La pace è la strada

DIAMO VOCE ALLA PACE……

16/03/2006 13:00

In occasione della giornata nazionale per un'informazione e comunicazione di pace, la nostra Emanuela si è recata nella capitale per assistere a questo evento.
La sua testimonianza

L'evento è stato organizzato dalla Provincia di Roma, il Coordinamento Nazionale Enti Locali per la pace e i diritti umani, la Tavola della pace, la Federazione Nazionale Stampa Italiana e UsigRai.
Nella stessa giornata è stato presentato il libro "DIRE, FARE, COMUNICARE LA PACE. COMMENTI,RIFLESSIONI e PROPOSTE PER L'ONU DEI GIOVANI": nata dal lavoro di nove volontarie in Servizio Civile Nazionale. In seguito alla partecipazione all'ONU dei GIOVANI (8-10 settembre 2005) a Terni, conclusasi con la Marcia per la pace Perugia-Assisi, le volontarie hanno raccolto, rielaborato e scritto le riflessioni di quei giorni in un libro: "Le parole possono informare, istruire, persuadere, mentire, confondere, influenzare. Noi non vogliamo essere vittime di una comunicazione strumentale ed è per questo che vogliamo riprenderci spazi di significato e costruire un nuovo vocabolario in cui le parole abbiano un valore più vicino al nostro sentire".
Per informazioni: ARCI SERVIZIO CIVILE ROMA
Paola Santoro e Chiara Vitrano
promoscn@arciserviziocivileroma.net
TEL e FAX 06/41735120

Ritornando all'incontro coi giornalisti, cercherò di fare un excursus sugli argomenti trattati.
INFORMAZIONE? Piuttosto sistema di menzogna globalizzato. Basti pensare al polverone giornalistico creato per legittimare l'invasione dell'Iraq, quindi un'informazione di guerra a effetto terroristico. Lavorare per la pace è un problema politico, e la bugia mediatica odierna potrebbe (uso il condizionale per essere ottimista) essere ancora più devastante in un'eventuale invasione dell'Iran. Qualsiasi guerra non è giustificabile. Il tentativo di trasformare tutto in propaganda non è la strada seria da seguire. La ricerca della verità? Lavorando insieme: le istituzioni + i movimenti + i giornalisti….. Tutti diversi, ma uniti nell'obiettivo comune di cercare di non negare più la verità: come è già avvenuto…. Ilaria Alpi e Miran Hrovatin vi dicono qualcosa? Uccisi entrambi in Somalia il 20 MARZO 1994 mentre facevano il proprio lavoro. E' una vergogna e non possiamo non indignarci e la memoria di questa vicenda deve tirare fuori il giornalismo serio e capace di scavare in profondità, proprio come piaceva ad Ilaria. Ogni giorno molti suoi colleghi, in tutto il mondo e in condizioni difficili, cercano di fare con l'unico obiettivo di ricercare e raccontare la verità. (link = www.ilariaalpi.org, www.ilariaalpi.it)
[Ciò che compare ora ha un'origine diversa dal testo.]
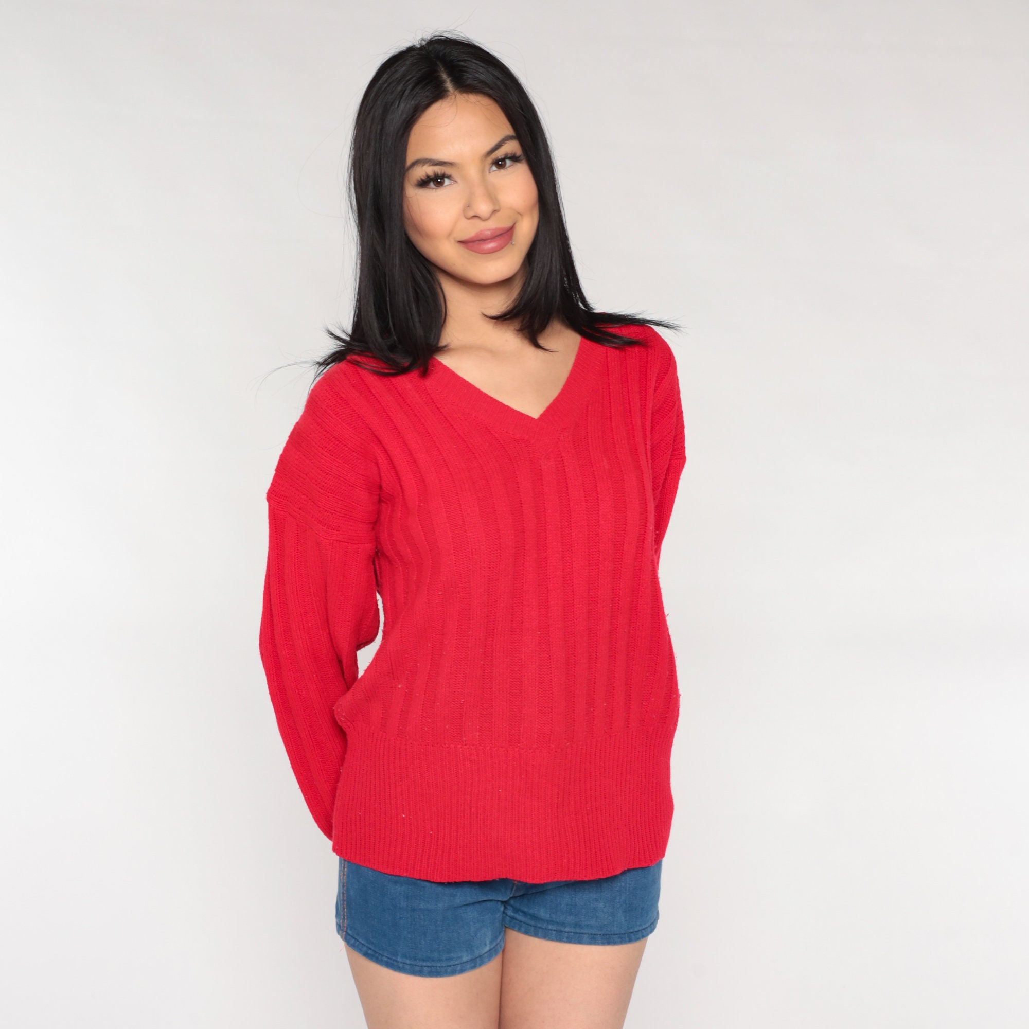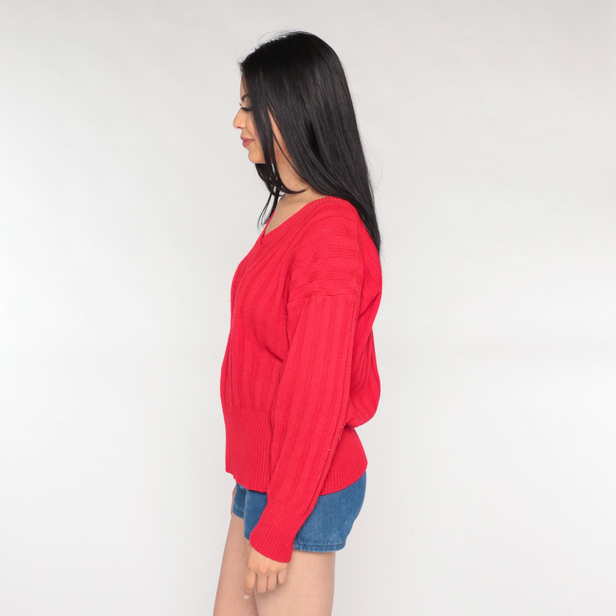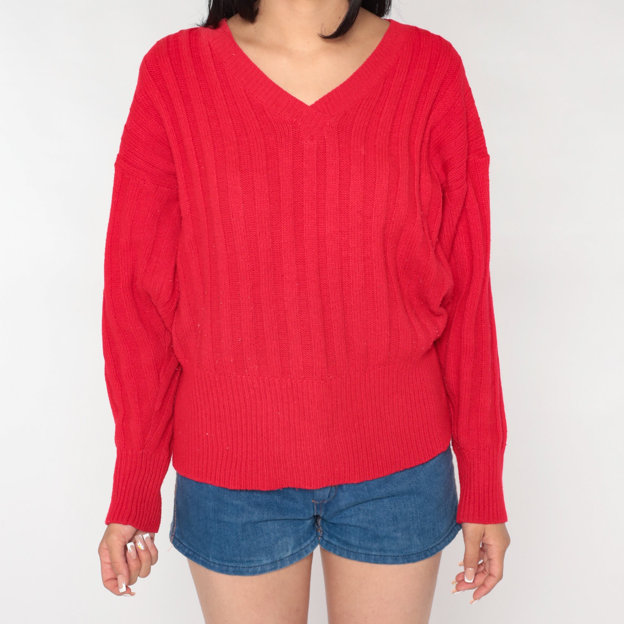 Vintage 80s sweater in red acrylic knit with a v neck.

Ma come conciliare questo desiderio di verità, con una realtà televisiva basata sul pettegolezzo? Si guarda il look dei candidati in gara alle elezioni; invece di dare spazio ad argomenti ben più importanti…… C'è una volontà politica precisa di non fare passare "tot" informazioni: le testimonianze di chi soffre o ha sofferto per la guerra manterrebbero viva la pietà; e ci porterebbero ad indignarci e a SMETTERLA di essere ABITUATI alla guerra! Il nostro distoglierci guardano il "Grande fratello", oltre a darci ideali superficiali ed effimeri, ci fa dimenticare soprattutto cosa significhi CULTURA, INFORMAZIONE e ci fa vedere la falsità nel collaborare assieme per essere un "migliore" da solo. Aderire alla cultura nonviolenta è in primis un "feeling" individuale, che andrà a convergere verso gli altri. " La nonviolenza è la manifestazione esterna di un modo di sentire e di pensare, che è l'amore per tutti. Il nonviolento è il più attivo di tutti, perché non solo vuole vincere dentro di sé l'indifferenza e l'odio, la stanchezza e l'egoismo, ma vuole vincere tutto ciò che colpisce e divide gli uomini, e perciò il nonviolento non accetta questa società……" da Aldo Capitini "Rivoluzione Aperta".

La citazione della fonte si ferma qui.